Mayo de 2003.
De puro miedo que sentía, y con un flujo constante de adrenalina, como si estuviera andando por una cuerda floja y a punto de caer, al final ya no sentía nada. Era demasiado para mí, demasiado miedo: por mis hijas, por mi propia vida, por el futuro. Apenas tenía para comer, no podía pagar las facturas y me llegaban cartas de apremio. Buscando trabajo, cuidando de mis hijas de la forma que fuera, cocinando, llorando de vez en cuando, haciendo cálculos. Desesperada en un callejón sin salida. No sabía ni qué poner en mi curriculo. Apenas tenía experiencia laboral. En las entrevistas de trabajo decían que tenía acento de extranjera al hablar, decían que lo sentían mucho pero tenía que hablar y escribir holandés perfectamente.

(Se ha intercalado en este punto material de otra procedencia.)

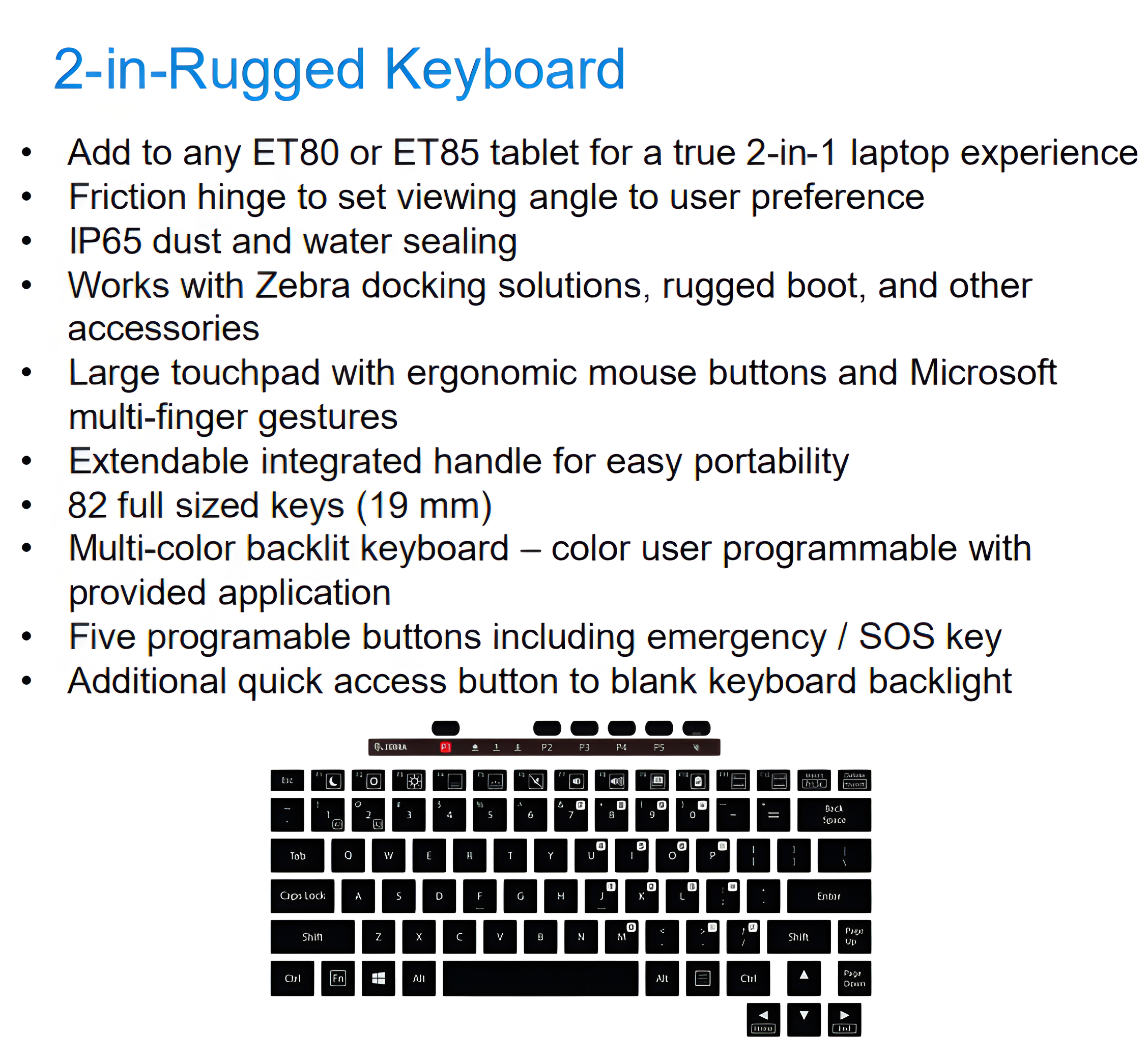 Zebra, ET8X 2 inch-1 Attachable Rugged 82 Key Keyboard With Muli-Color Backlight and 6 Additional Programable Keys. QWERTY US English.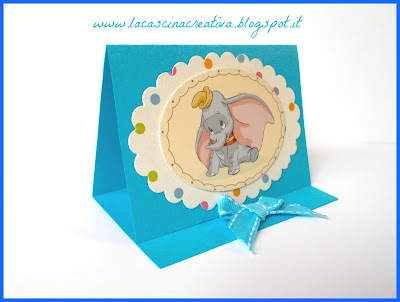 ...e un biglietto speciale creato utilizzando un piccolo centrino di carta -in origine serve per presentare piccoli dolci e pasticcini- al quale ho incollato sul retro un cuore di cartoncino azzurro per creare il contrasto.

Además, la mayoría de los trabajos eran de cuarenta horas. Ya no podía dormir, no me podía relajar. Mi mente acelerada corría y corría y no encontraba el descanso. Tenía que hacer algo.
Había oído hablar de los pacientes de cáncer que usaban la marihuana para poderlo llevar con más ligereza. En Holanda, el uso de las drogas blandas como la marihuana es legal, y los establecimientos que las venden tienen controles de calidad y pagan sus impuestos como cualquier otro negocio. Lo mismo ocurre con la prostitución. En la zona del distrito rojo de Ámsterdam por ejemplo, las prostitutas están detrás de una ventana con cortina roja. Si la cortina está corrida quiere decir que hay un cliente dentro. Las prostitutas están a la exposición detrás de las ventanas como si fueran un producto detrás de un escaparate. Tienen que seguir controles de sanidad y también pagan sus impuestos, por lo menos no pasan frío. Fui a un establecimiento donde venden marihuana, un cofeeshop como lo llaman aquí, y compré una bolsita de marihuana y algunos papelillos y filtros. Se me daba muy mal al principio, pero con la práctica aprendí a liar unos buenos porros. Por las tardes me sentaba en mi silla de madera debajo del ciruelo a la orilla del canalillo. Unas caladitas y enseguida estaba…en otro sitio; mi mente soñaba y escapaba a escenarios distintos donde todo era posible. Empecé a vivir en dos mundos. El mundo de la realidad me agobiaba, me asfixiaba y sentía como si me fuera a morir. En el otro mundo, el mundo de la marihuana, me sentía a gusto y relajada y finalmente acababa quedándome profundamente dormida.
Me estaba sentando muy bien fumar marihuana, pero no podía evitar tener sentimientos contradictorios sobre este nuevo hábito. De puertas afuera daba la imagen de ser una persona muy seria y de una reputación intachable. Una mujer muy de su casa y de sus hijos. Una maruja muy decente intentando abrirse camino en la vida. ¿Acaso podría alguien imaginarse que por las tardes me sentaba bajo los ciruelos de mi jardín a fumar marihuana? No me atrevía a contárselo a nadie, solo Susana lo sabía.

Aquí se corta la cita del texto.